Man’s Science explains the atom structure as comprising, protons, neutrons, and electrons, perceived within a sphere of influence, controlled by ‘attraction’ and ‘repulsion’ forces, and not by a boundary condition around that perceived sphere of influence.

Size (Space): Man’s Science has no ‘real perception’ of size related to the world’s surroundings and our environment. He is unable to conceive the sheer magnitude of the Universe when related to the conceived size of the perceived atom, and is beyond the scope of this paper, except to mention a general observation in Addendum, 2.
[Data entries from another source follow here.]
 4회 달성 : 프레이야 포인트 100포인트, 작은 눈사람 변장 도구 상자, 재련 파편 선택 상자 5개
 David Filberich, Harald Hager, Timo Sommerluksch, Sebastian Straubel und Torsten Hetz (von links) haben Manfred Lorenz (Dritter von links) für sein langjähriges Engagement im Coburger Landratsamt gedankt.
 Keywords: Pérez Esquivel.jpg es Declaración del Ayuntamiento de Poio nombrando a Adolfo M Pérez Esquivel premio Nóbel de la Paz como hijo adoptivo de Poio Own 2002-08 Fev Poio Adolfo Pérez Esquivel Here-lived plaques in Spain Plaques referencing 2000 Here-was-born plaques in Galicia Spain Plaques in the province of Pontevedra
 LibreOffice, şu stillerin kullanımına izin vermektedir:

The complete tabular array of all chemical elements is classified under the ‘Periodic Table’²¹. The structure co-ordination of the chemical elements, organized by atomic number, is from the element with the lowest atomic number, hydrogen, to the element with the present highest atomic number, ‘oganesson’ (Fig 1). Reference Addendum 1- Important Basic Facts of present Periodic Table.

The fundamental elements interact dynamically to form molecules, which are the building blocks of matter. For example, water (H₂O), a critical molecule for life, exhibits unique properties like high ‘specific heat’ capacity, ‘cohesion’, and ‘surface tension’, which are essential for regulating Earth's climate and supporting ecosystems.

Fluid Mechanics²²

Under man’s perceived mechanism, if a fluid is moving slowly, within a constrained space, a shear stress is created within the liquid called ‘viscosity’. Sir Isaac Newton²³ referred to this as the ‘coefficient of molecular viscosity’²⁴.
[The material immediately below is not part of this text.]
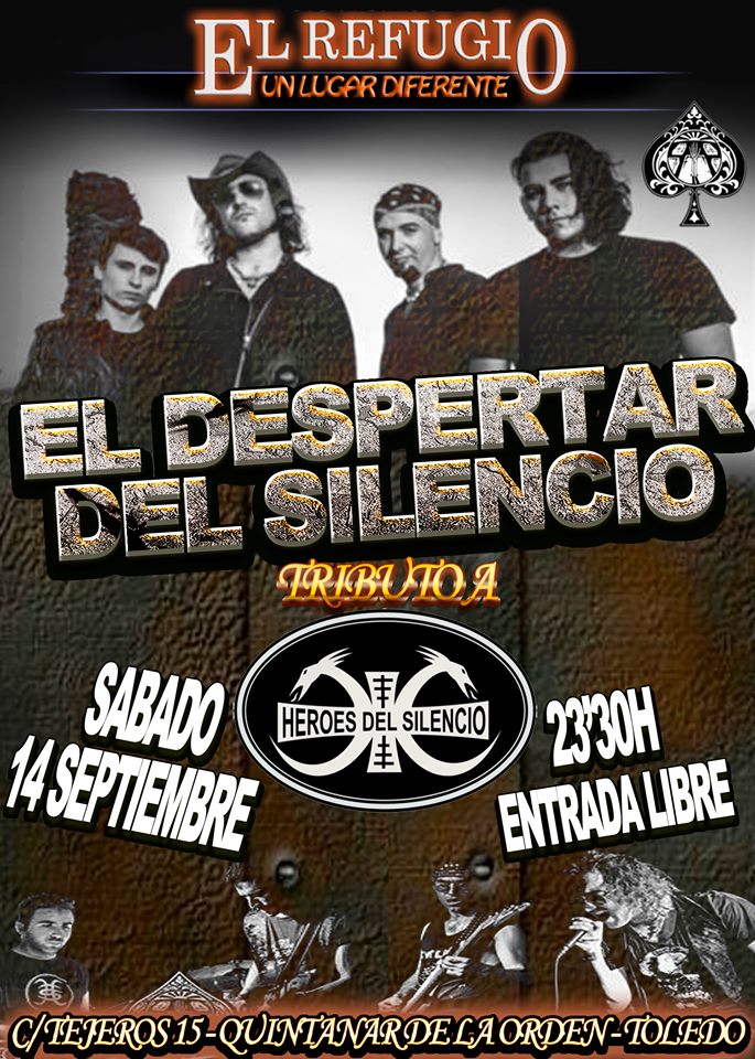 El grupo El Despertar del Silencio, banda tributo de Héroes del Silencio, actuará el sábado 14 de septiembre , a las 23:30 horas, en El Café Pub El Refugio de Quintanar de la Orden (Toledo), donde ofrecerá un amplio recorrido por las grandes canciones de la mítica formación zaragozana.

“All forms of life on earth are immersed in a fluid or another, either the air of the atmosphere or the water of a river, lake or ocean; even, soils are permeated with moisture. So, it is no exaggeration to say that life, including our own, is bathed in fluids. A slightly closer look at the situation further reveals that it is the mobility of fluids that makes them so useful to the maintenance of life, both internally and externally to living organisms”.²⁵

The study of ‘matter’ and its transformations²⁶ is not merely academic; Man’s Laws of Science needs to underpin technological advancements and solutions to pressing global challenges, such as renewable energy and long-term sustainable resource management.
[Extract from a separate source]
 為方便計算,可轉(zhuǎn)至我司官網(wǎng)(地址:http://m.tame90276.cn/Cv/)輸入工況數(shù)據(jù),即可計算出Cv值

Energy / Matter Interactions

Energy, the capacity to do work, is intricately connected to matter. In physics, the ‘Law of Conservation’ states that energy cannot be created or destroyed but only transformed. This principle governs natural processes and Classifications²⁷, from the photosynthesis that powers ecosystems, through biogeochemical processes, and to the geothermal activity driving tectonic shifts.

Fresh approaches towards a long-term Sustainable future: The connection between energy and matter is crucial in understanding Earth's systems and environmental mechanisms, as it determines the flow of nutrients, the cycling of carbon, and the dynamics of climate regulation.

    Figure 1

Global Long-Term Sustainability Project (Embracing Environmental Mechanisms):

At last, Man has the knowledge to develop new innovative methodologies required to harness earth’s natural energy resources. Vast kinetic energy reserves are available in the high seas, which cover over 70% of the surface of earth.

An early example of Man’s Innovative ideas, was recorded in the late 60s, following research work into ‘fluid mechanics’ relating to ‘thick liquids’ for municipal sewage sludges.

Research studies³¹ were successfully carried out on site to ascertain the effective range of ‘kinematic viscosity’ of ‘thick liquid’ municipal sludges, embracing the importance of ‘boundary conditions’, and ‘shear stress’ mechanisms within a fluid. (Table 1) The kinematic viscosity of water was recorded at 0.000012 ft2/sec. (Reference Appendix 1)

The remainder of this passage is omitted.